*** DATA EXTRACTS ***
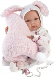 Roztomilé dvojdielne oblečenie pre bábiku bábätko New Born vo veľkosti 35–36 cm prináša pohodlie a štýl pre každú hru. Set obsahuje dlhý rukáv a nohavice so vzorom hviezdičiek a zajačika, doplnené o mäkkú podložku s trojbodovým uchytením na bezpečné prenášanie alebo odpočinok bábiky. Ručne vyrobené v Španielsku z príjemných materiálov, ideálne pre kreatívnu a starostlivú hru detí od 3 rokov.
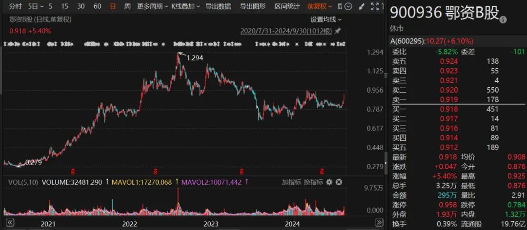 从盘面上看,鄂尔多斯B股日成交量在几十万股到上百万股不等,天定公司等(香港资产公司一直在明面上增持)的持续买入,成为稳定公司B股股价走势的重要力量。
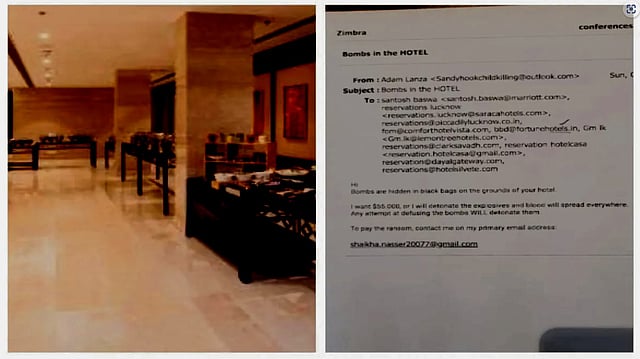 At least 10 major hotels in the Uttar Pradesh capital received bomb threats via email on Sunday. The email threatened that explosions would take place if a ransom demand of USD 55,000 (Rs 4,624,288) is not met. "Bombs are hidden in black bags on the grounds of your hotel. I want USD 55,000, or I will detonate the explosives and blood will spill everywhere. Any attempt at defusing the bombs will detonate them," read the threat email, a copy of which is with PTI.
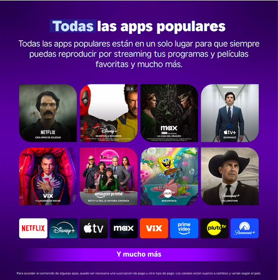 Para más información sobre los diferentes canales disponibles en la plataforma Roku, The Roku Channel, dispositivos Roku, modelos de Roku TV y más, visita www.roku.com
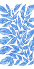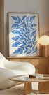 Jemný botanický potisk s ručně malovanými modrými listy na bílém pozadí. Akvarelový styl kombinuje minimalismus s elegancí, díky čemuž je univerzální volbou pro moderní interiéry. Ideální pro přidání svěžího a přirozeného nádechu do každé místnosti.
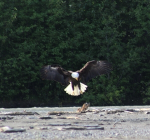 The weather was cooperating also, because it was the first real clear day. I was able to see the glacier and mountain across the fjord. We also saw 32 eagles on the main part of the trip and the remaining 12 in the scenery part of the trip. We got within 8 feet of one before he took flight saw 4 eagles on a log, some juvenile eagles, some just taking flight, and others just hanging out.
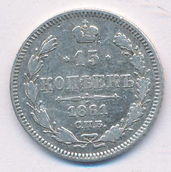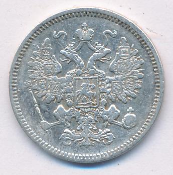 Лицевая сторона — гербовый орел, оборотная —обозначение номинала (15 копеекъ), окруженное венком из лавровой и дубовой ветвей и дата.
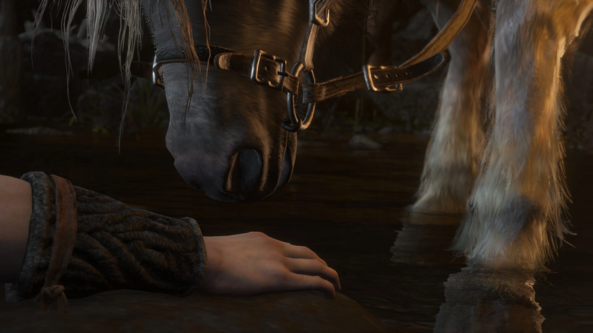 The Tarnished is reunited with the woman once more, and she introduces herself to them as Melina. Seeing that the Tarnished is maidenless, she offers to play the role of a Finger Maiden, allowing the Tarnished to convert the Runes they collect from their enemies into strength. In return, she requests that the Tarnished bring her with them to the foot of the Erdtree.[3] To aid them further, Melina grants the Tarnished a whistle which will allow them to call upon her spectral steed, whose name she reveals to be Torrent. Melina further explains to the Tarnished that she is searching for a purpose given to her by her mother inside the Erdtree long ago, and the reason she lives, despite her burnt and spectral state.[4] She advises the Tarnished to seek the Great Runes: shards of the shattered Elden Ring, currently held by the Demigods.[5]
***
### WHAT TO WORK ON
Print all the records again exactly; do not include any picture.

### TASK OUTPUT
 Roztomilé dvojdielne oblečenie pre bábiku bábätko New Born vo veľkosti 35–36 cm prináša pohodlie a štýl pre každú hru. Set obsahuje dlhý rukáv a nohavice so vzorom hviezdičiek a zajačika, doplnené o mäkkú podložku s trojbodovým uchytením na bezpečné prenášanie alebo odpočinok bábiky. Ručne vyrobené v Španielsku z príjemných materiálov, ideálne pre kreatívnu a starostlivú hru detí od 3 rokov.
 从盘面上看,鄂尔多斯B股日成交量在几十万股到上百万股不等,天定公司等(香港资产公司一直在明面上增持)的持续买入,成为稳定公司B股股价走势的重要力量。
 At least 10 major hotels in the Uttar Pradesh capital received bomb threats via email on Sunday. The email threatened that explosions would take place if a ransom demand of USD 55,000 (Rs 4,624,288) is not met. "Bombs are hidden in black bags on the grounds of your hotel. I want USD 55,000, or I will detonate the explosives and blood will spill everywhere. Any attempt at defusing the bombs will detonate them," read the threat email, a copy of which is with PTI.
 Para más información sobre los diferentes canales disponibles en la plataforma Roku, The Roku Channel, dispositivos Roku, modelos de Roku TV y más, visita www.roku.com
 Jemný botanický potisk s ručně malovanými modrými listy na bílém pozadí. Akvarelový styl kombinuje minimalismus s elegancí, díky čemuž je univerzální volbou pro moderní interiéry. Ideální pro přidání svěžího a přirozeného nádechu do každé místnosti.
 The weather was cooperating also, because it was the first real clear day. I was able to see the glacier and mountain across the fjord. We also saw 32 eagles on the main part of the trip and the remaining 12 in the scenery part of the trip. We got within 8 feet of one before he took flight saw 4 eagles on a log, some juvenile eagles, some just taking flight, and others just hanging out.
 Лицевая сторона — гербовый орел, оборотная —обозначение номинала (15 копеекъ), окруженное венком из лавровой и дубовой ветвей и дата.
 The Tarnished is reunited with the woman once more, and she introduces herself to them as Melina. Seeing that the Tarnished is maidenless, she offers to play the role of a Finger Maiden, allowing the Tarnished to convert the Runes they collect from their enemies into strength. In return, she requests that the Tarnished bring her with them to the foot of the Erdtree.[3] To aid them further, Melina grants the Tarnished a whistle which will allow them to call upon her spectral steed, whose name she reveals to be Torrent. Melina further explains to the Tarnished that she is searching for a purpose given to her by her mother inside the Erdtree long ago, and the reason she lives, despite her burnt and spectral state.[4] She advises the Tarnished to seek the Great Runes: shards of the shattered Elden Ring, currently held by the Demigods.[5]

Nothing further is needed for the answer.